#### WHAT TO DO
Write out the entries below exactly, starting at the first line and stopping after the line that contains "長沙市公安局特巡警支隊特警訓"; skip all pictures.

——————————

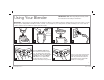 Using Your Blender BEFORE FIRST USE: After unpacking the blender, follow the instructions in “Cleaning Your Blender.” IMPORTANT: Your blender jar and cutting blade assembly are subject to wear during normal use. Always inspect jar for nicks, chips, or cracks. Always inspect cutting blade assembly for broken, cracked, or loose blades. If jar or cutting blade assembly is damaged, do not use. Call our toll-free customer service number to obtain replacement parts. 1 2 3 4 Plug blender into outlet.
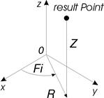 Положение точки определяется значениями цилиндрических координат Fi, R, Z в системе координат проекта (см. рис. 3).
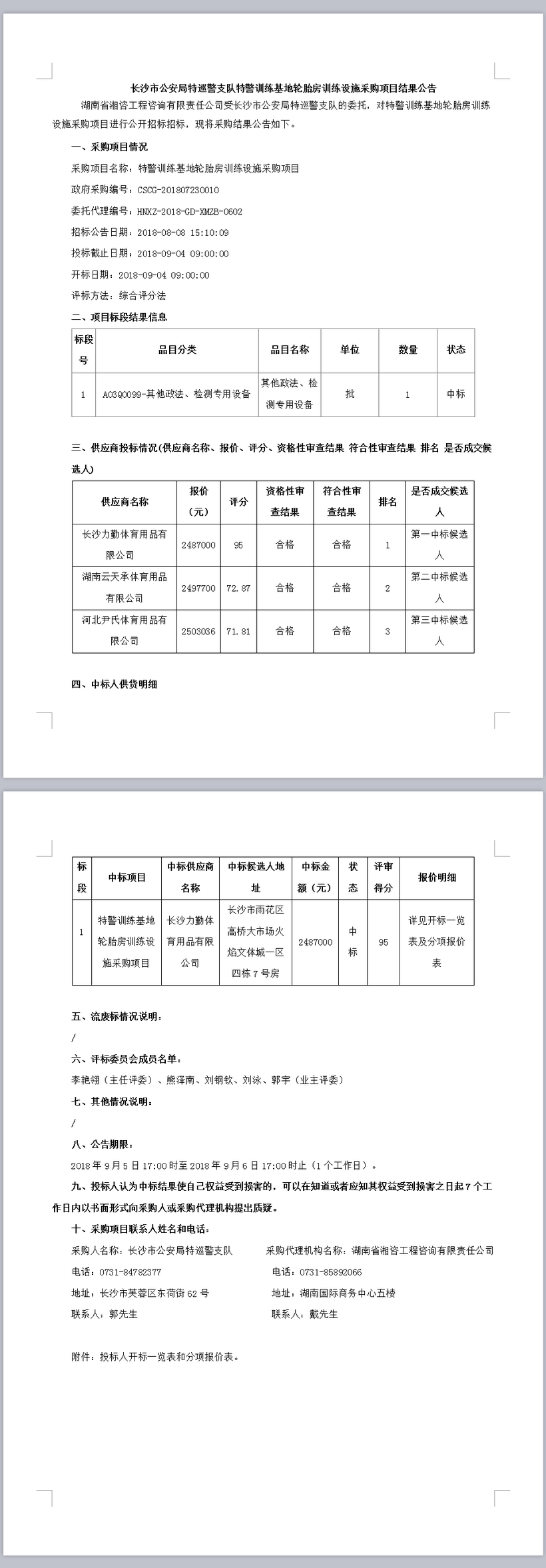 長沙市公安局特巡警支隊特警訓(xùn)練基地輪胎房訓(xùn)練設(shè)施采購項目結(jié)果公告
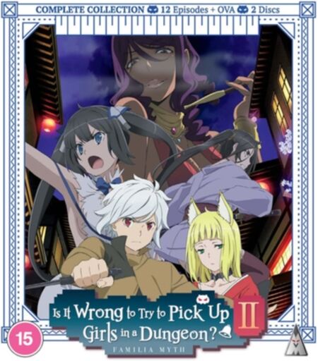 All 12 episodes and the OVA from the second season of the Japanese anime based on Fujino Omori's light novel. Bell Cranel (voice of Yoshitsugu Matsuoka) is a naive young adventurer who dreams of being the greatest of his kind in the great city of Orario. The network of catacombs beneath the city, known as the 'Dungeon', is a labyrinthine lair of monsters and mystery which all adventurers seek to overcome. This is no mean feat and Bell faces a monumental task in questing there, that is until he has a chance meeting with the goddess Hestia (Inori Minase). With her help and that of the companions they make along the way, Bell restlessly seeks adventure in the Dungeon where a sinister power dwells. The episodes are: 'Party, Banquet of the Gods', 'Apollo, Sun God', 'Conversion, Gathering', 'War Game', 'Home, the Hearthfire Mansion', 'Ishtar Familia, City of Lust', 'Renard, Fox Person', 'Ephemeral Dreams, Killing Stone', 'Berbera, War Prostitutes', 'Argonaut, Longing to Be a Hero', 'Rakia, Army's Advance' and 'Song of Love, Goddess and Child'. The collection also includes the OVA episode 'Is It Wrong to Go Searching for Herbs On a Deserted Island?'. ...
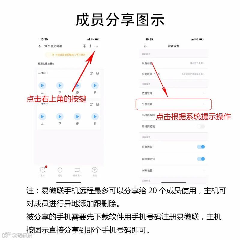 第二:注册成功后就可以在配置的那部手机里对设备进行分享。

——————————

#### RESULT OF THE EXERCISE
 Using Your Blender BEFORE FIRST USE: After unpacking the blender, follow the instructions in “Cleaning Your Blender.” IMPORTANT: Your blender jar and cutting blade assembly are subject to wear during normal use. Always inspect jar for nicks, chips, or cracks. Always inspect cutting blade assembly for broken, cracked, or loose blades. If jar or cutting blade assembly is damaged, do not use. Call our toll-free customer service number to obtain replacement parts. 1 2 3 4 Plug blender into outlet.
 Положение точки определяется значениями цилиндрических координат Fi, R, Z в системе координат проекта (см. рис. 3).
 長沙市公安局特巡警支隊特警訓(xùn)練基地輪胎房訓(xùn)練設(shè)施采購項目結(jié)果公告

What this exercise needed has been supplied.